Similar to interior designers trying to fit the chairs, tables, and other furniture in rooms inside of a home, chip designers have to figure out where the various bits and pieces of a processor will lie on confined floor plans where latency between parts matters.
Interior designers have to consider space and ease of movement through and between rooms, their chip counterparts worry about how power, performance, and area are affected by where they place their macros – transistor blocks such as memory, analog devices like PCI-Express controllers or memory controllers, or the cores themselves – on a semiconductor device.
For a long time, this has been a highly manual two-step process – first placing the macros, then the myriad smaller standard cells.
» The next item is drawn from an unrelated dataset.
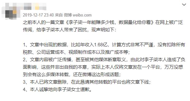 据微念科技相关人士介绍,早在2019年12月17日晚,发布上述文章的博主,已经针对对李子柒收入数据的不实报道,在微博发布道歉声明,并表示,计算方式不严谨,没有扣除所有税款、公司运营成本、视频制作成本和推广成本。
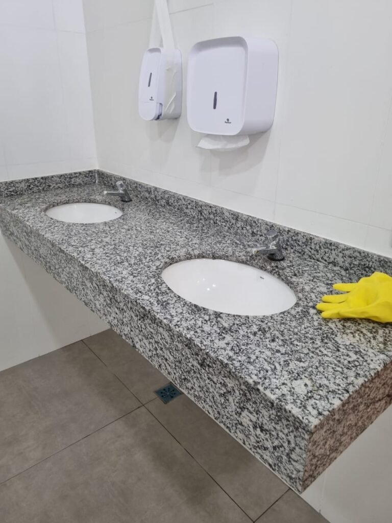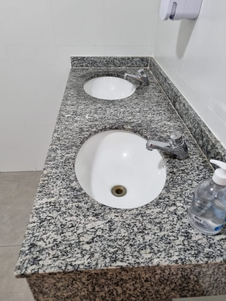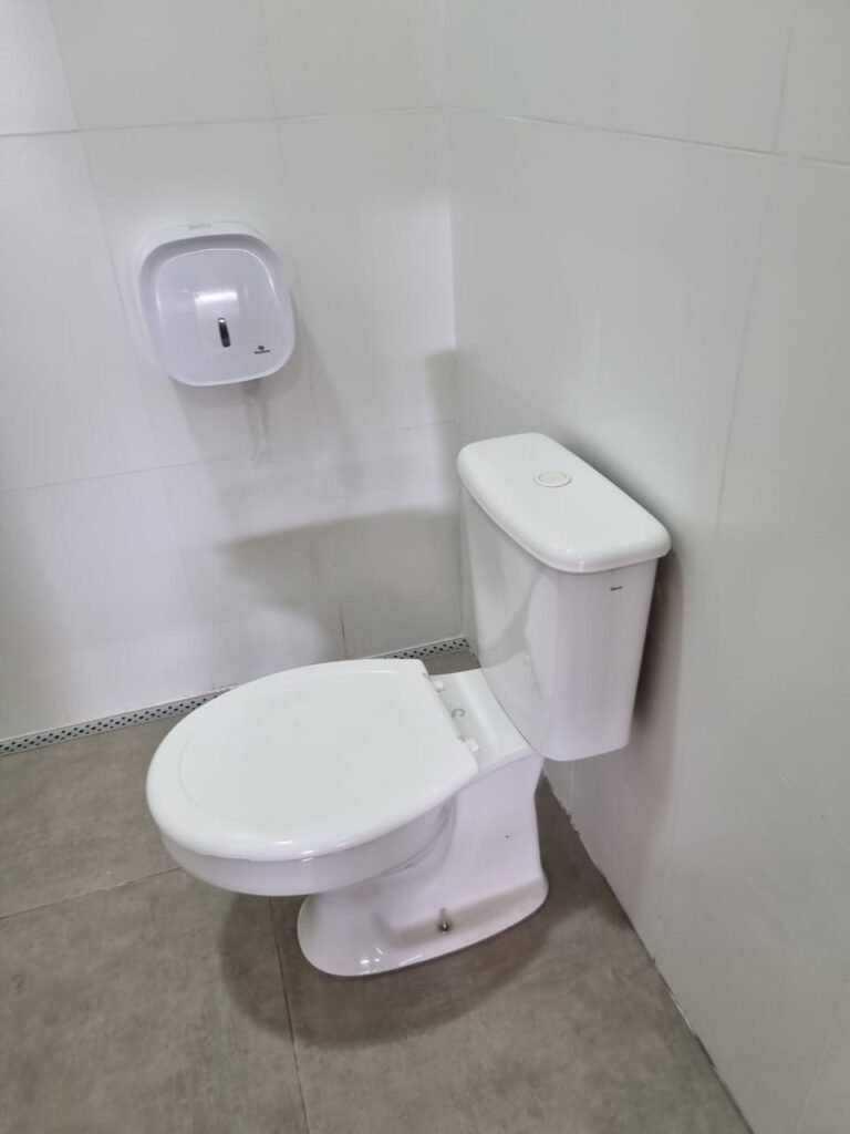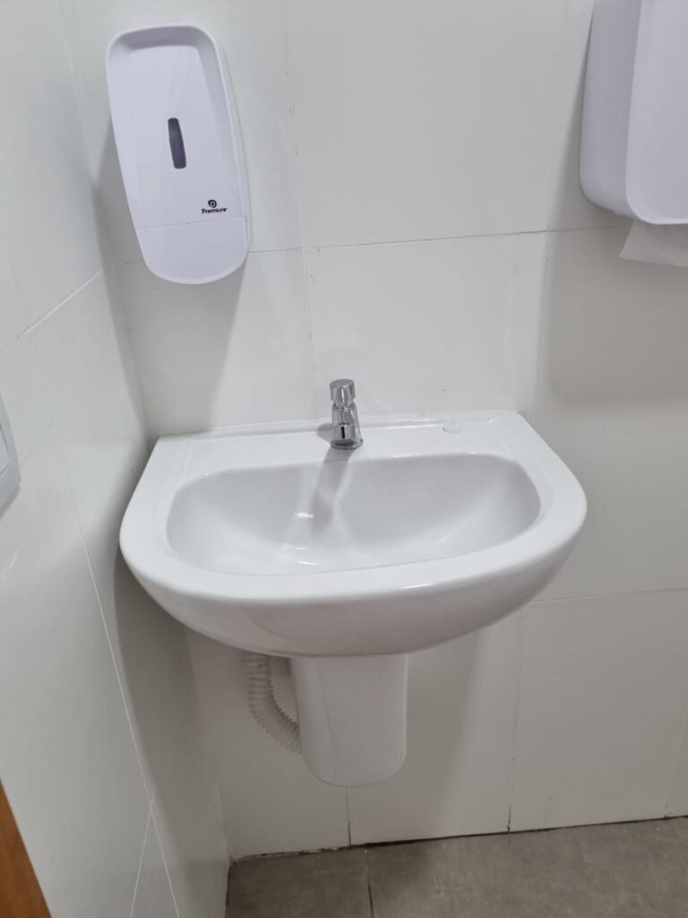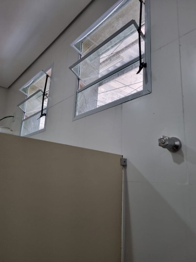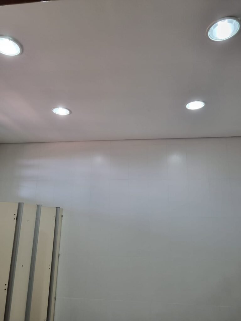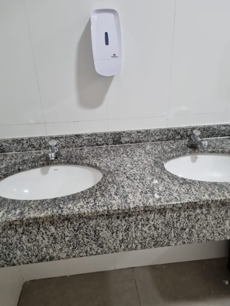 W.C FEMININO:- Porta de madeira envernizada e nova em ordem, fechadura e chaves em ordem, piso porcelanato em ordem, pia mármore em ordem, 02 cubas cerâmica branca Deca em ordem, 02 torneiras Celite em ordem, 02 sifão sanfonado universal em ordem, azulejo até o teto em ordem, 04 lustres embutidos com lâmpadas de LED em ordem, 02 vitrôs basculante com vidro blindex em ordem, trava em ordem, 03 Box com 03 portas em ordem, travas em ordem, 01 ralo tipo grade em ordem, 02 conjuntos de vaso sanitário e caixa acoplada de descarga em ordem, tampa de plástico em ordem, 02 registros com canopla em ordem, 01 chuveiro Lorenzetti Loren shower ultra em ordem, 01 interruptor em ordem, espelho de luz em ordem, 03 divisórias com 03 portas em ordem, maçanetas em ordem.

More recently, designers have adopted a more mixed approach, placing macros and standard cells simultaneously, though even that is a challenge.
“These macros are often much larger than standard cells, which are the fundamental building blocks of digital designs,” Anthony Agnesina and Mark Ren, research scientists at Nvidia, wrote in a blog post this week describing some AI-assisted macro block placement work they are doing. “Macro placement has a tremendous impact on the landscape of the chip, directly affecting many design metrics, such as area and power consumption. Thus, improving the placement of these macros is critical to optimizing each chip’s performance and efficiency. The process must be improved, given modern complex relationships between macro placement, standard cell placement, and resulting power, performance, and area (PPA).”
New methods have come on the scene in recent years, including reinforcement learning – where algorithms and neural networks learn via sampling many macro placement examples – and the aforementioned concurrent cell and macro avenue. Nvidia is proposing using DREAMPlace – a GPU-accelerated open source deep learning toolkit first unveiled by the company in 2019 – to place very large scale integrated (VLSI) circuits on chips to improve the concurrent largely manual method for placing macros and standard cells.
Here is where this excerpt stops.